No sólo eso, sino que debió aceptar la rudeza de ese hombre, su vulgaridad, sus malos tratos. Soledad, a los dos días, ya estaba arrepentida y, por un momento, pensó en escapar, pero ya era muy tarde.

Luis estaba muy apegado a la madre de él, la señora Mariquita, quien estaba muy enferma. Se esforzaba cuanto podía porque mejorara, pero nada pudo hacerse. A la semana de llegada Soledad, murió.

Eso, endureció más a Luis. Y empeoró su trato con Soledad, a la que sólo veía como a la mujer que le daría hijos, como así fue.

Concibieron cuatro, pero el primero había fallecido. Porfirio, Maruca y Luis “rey de Francia”, éste, llamado así por Luis, porque había salido casi rubio.

Y la segunda mitad de la novela, da cuenta de los sufrimientos que pasó Soledad en la Noria, lidiando con las ausencias de Luis, que para todo pretextaba que “ando en los negocios, ni me reclames, pues soy el único que se friega, para traer dinero a esta pinche casa”.

El primero de sus hijos, Porfirio Gallo, era un chico tímido, muy influenciado por Soledad. Luis quería que se educara como él, rudo, que trabajara criando ganado, que toreara, pues Luis era muy entusiasta de las corridas de toros. Pero Soledad lo trataba con benevolencia. En una ocasión que fue a San Miguel a visitar a su madre, coincidió con la fiesta religiosa del arcángel San Miguel. A Porfirio, lo vistieron como dicho arcángel y fue fotografiado. Cuando regresaron y Luis vio la foto, se trabó de coraje, pues no aceptaba que su hijo se vistiera como mujer. “¡Me lo estás echando a perder!”, le reclamó y le soltó una bofetada al niño, quien huyó despavorido. Como “castigo”, le quemó a Soledad la palma de la mano con la hornilla que usaba para prender Luis sus puros. Algo que nunca le habría de perdonar ella.

Y las “puntadas” que tenía Luis, como la de haber comprado un oso, que era la “sorpresa” que les tenía preparada cuando regresaron de San Miguel, fue otra pesadilla, pues el oso, al ir creciendo, se hizo muy bravo, pues nadie había que lo educara. Luis, sólo acertó a reforzar la jaula en donde lo tenía encerrado.

Lo peor para Soledad, eran sus infidelidades. Con la “Pitaya”, mujer de la vida galante, con la que Luis se acostaba desde mucho antes de casarse con Soledad, siguió teniendo una relación amorosa. Y hasta le compró casa en Dolores, pueblo cercano a la Noria.

Y con muchas más mujeres le fue infiel.

Pero ella, resignada, nada le decía, sólo “Sí, Luis” o “No, Luis”. Hasta éste, se enfurecía de que Soledad sólo le contestara o no.
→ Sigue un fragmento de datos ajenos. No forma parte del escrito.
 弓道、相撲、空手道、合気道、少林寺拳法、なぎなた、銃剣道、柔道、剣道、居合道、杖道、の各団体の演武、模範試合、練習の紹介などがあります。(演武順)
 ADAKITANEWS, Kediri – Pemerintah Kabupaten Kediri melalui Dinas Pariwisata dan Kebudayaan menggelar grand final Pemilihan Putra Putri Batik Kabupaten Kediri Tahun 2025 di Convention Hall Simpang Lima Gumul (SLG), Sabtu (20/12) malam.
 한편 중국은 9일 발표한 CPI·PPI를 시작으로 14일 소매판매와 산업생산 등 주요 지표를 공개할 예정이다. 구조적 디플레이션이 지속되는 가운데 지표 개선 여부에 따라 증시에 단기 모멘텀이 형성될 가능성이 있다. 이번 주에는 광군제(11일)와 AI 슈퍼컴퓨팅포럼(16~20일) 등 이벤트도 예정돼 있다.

Pero ella lo hacía por una cuestión de protección, pues se ponía muy violento. Incluso, Tiburcia, una de las mujeres más viejas, que eran parte de la servidumbre de la Noria, le aconsejaba a Soledad que “al patrón, dele uste’ por su lado, patrona, porque, si no, se retenoja”.
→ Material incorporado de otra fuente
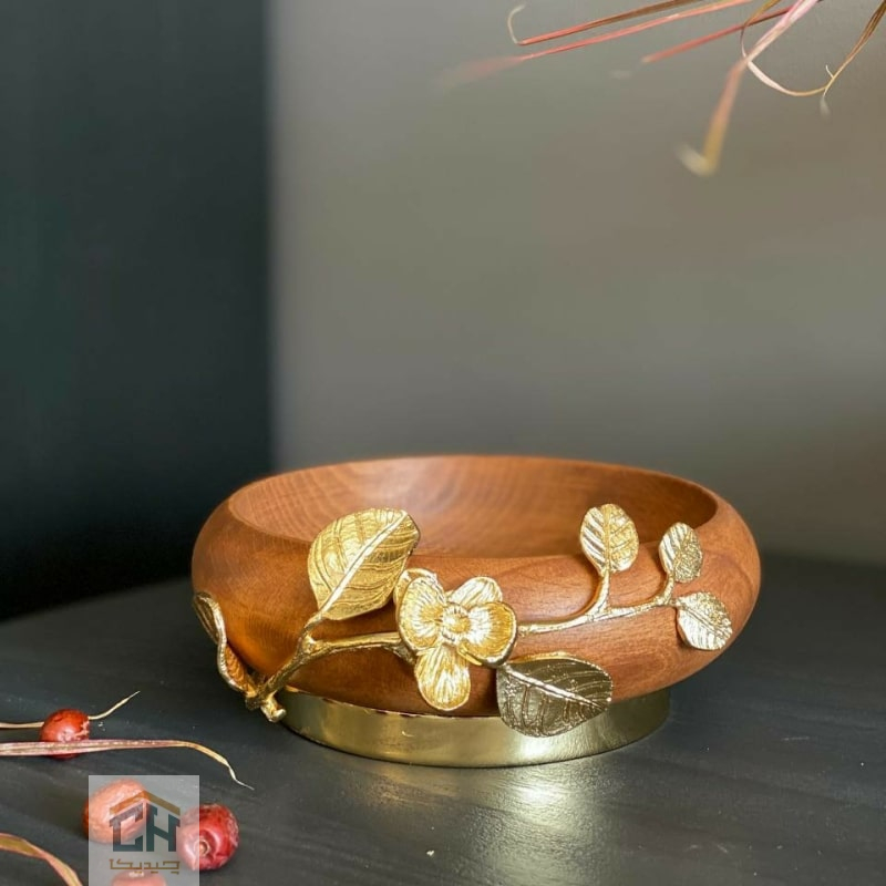این کاسه چوبی کوچک با هنرمندی تمام طراحی شده است.یک شاخه گل ارکیده برنجی با درخشش طلایی روی بدنه چوبی نشسته و تضادی لوکس ایجاد کرده است.وجود پایه حلقه ای برنجی مستحکم در زیر ظرف،علاوه بر زیبایی بصری،آن را با وقار خاصی روی میز نگه می دارد.این طراحی باعث می شود تا حتی ساده ترین تنقلات هم در آن جلوه ای اشرافی پیدا کنند.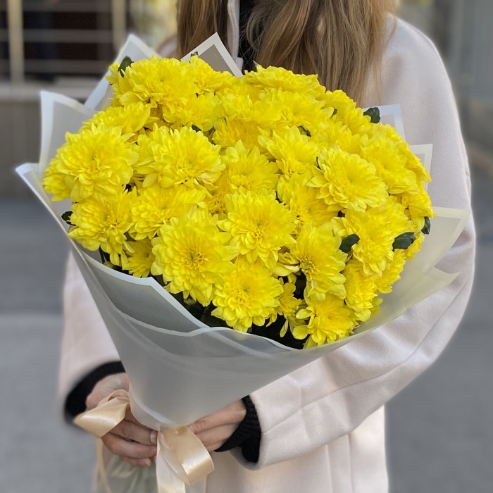Букет из 9 желтых кустовых хризантем сорта «Балтика» — это элегантная и яркая композиция, способная украсить любое событие или стать изысканным подарком.
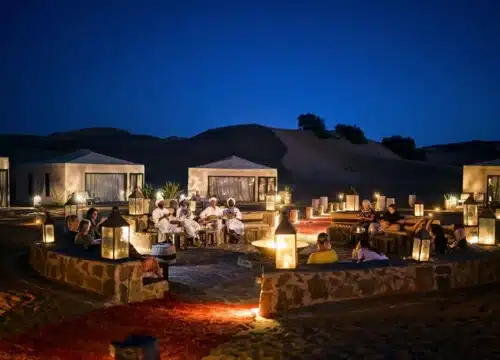 Oui. Vous dormirez dans un camp désert privé près de Merzouga avec un lit confortable, une salle de bain partagée ou privée selon l’option choisie, et un dîner traditionnel.
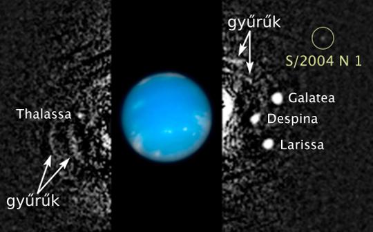 A Neptunusz gyűrűrendszerének és a holdjainak fekete-fehér felvétele a Hubble űrteleszkóp WFC3 (Wide Field Camera 3) műszerével készült 2009-ben. A képen körrel megjelölve jól látható az új, S/2004 N 1 jelzéssel ellátott holdacska. A bolygó középre montírozott színes képét szintén a Hubble készítette 2009. augusztus 19-én.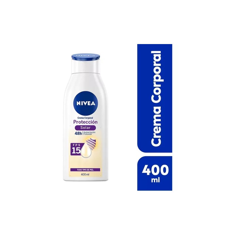 ✨ ¡Hidratación y protección solar en una sola crema! Nivea Crema Corporal Humectante con FPS 15 de 400ml para todo tipo de piel. Con Vitamina E y Aloe Vera, hidrata por 48h y protege contra el envejecimiento. ¡Rápida absorción!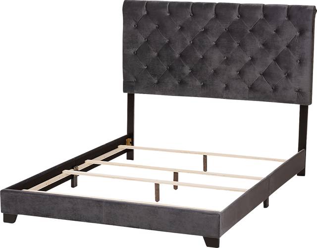 Make the Panola bed the star of your bedroom or guest room. The luxe and glamour-inspired design of the bed is evident in its eye-catching details, including the chrome finished nailhead trim on the headboard. The Panola's frame is built to last with solid rubberwood and engineered wood. The frame and sumptuous headboard are upholstered in gray velvet. The foam-padded headboard features a button-tufted design, adding yet another element of luxury to the Panola. Customer assembly is required.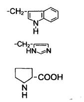 9. АК с гетероциклическими радикалами, триптофан – гидрофобный незаряженный, гистидин гидрофильный, положительно заряженный, пролин гидрофильный, незаряженный.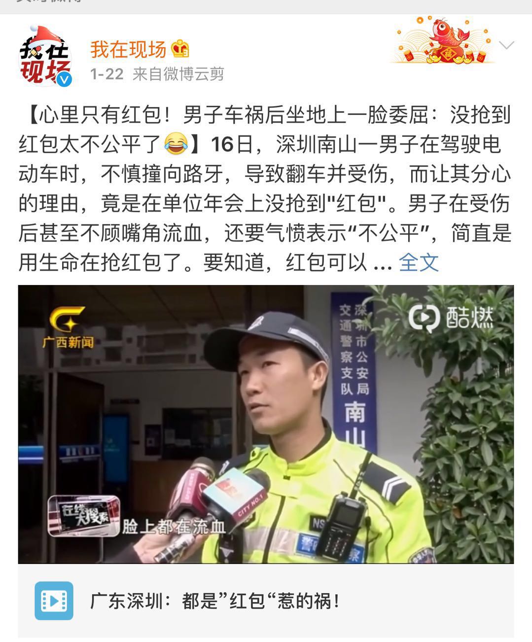 最近,深圳有個男子就因沒搶到紅包,心里憋屈,在騎車時“分心”摔倒。

Y eso estuvo haciendo Soledad por diez años, que fueron para ella un suplicio.

Cuando Luis vio desnuda, por primera vez a Soledad, le notó una parte ennegrecida en el “rabo”. “¡Oye, tienes el rabo prieto!”, le dijo, burlón. Soledad, nada le respondió, pues, en efecto, tenía esa especie de mancha, a pesar de que se consideraba “blanquita”.

Cuando había nacido Porfirio, luego del primer aborto natural, Luis y Soledad, algo frustrados, vieron que era “prieto”. “Pues yo soy blanco y toda mi familia”, le dijo Luis a Soledad. Y ésta, en el mismo tenor, pensó que “Pues en mi familia, todos somos blanquitos”. “¿De quién habrá sacado lo prieto?”, pensaron para sí mismos.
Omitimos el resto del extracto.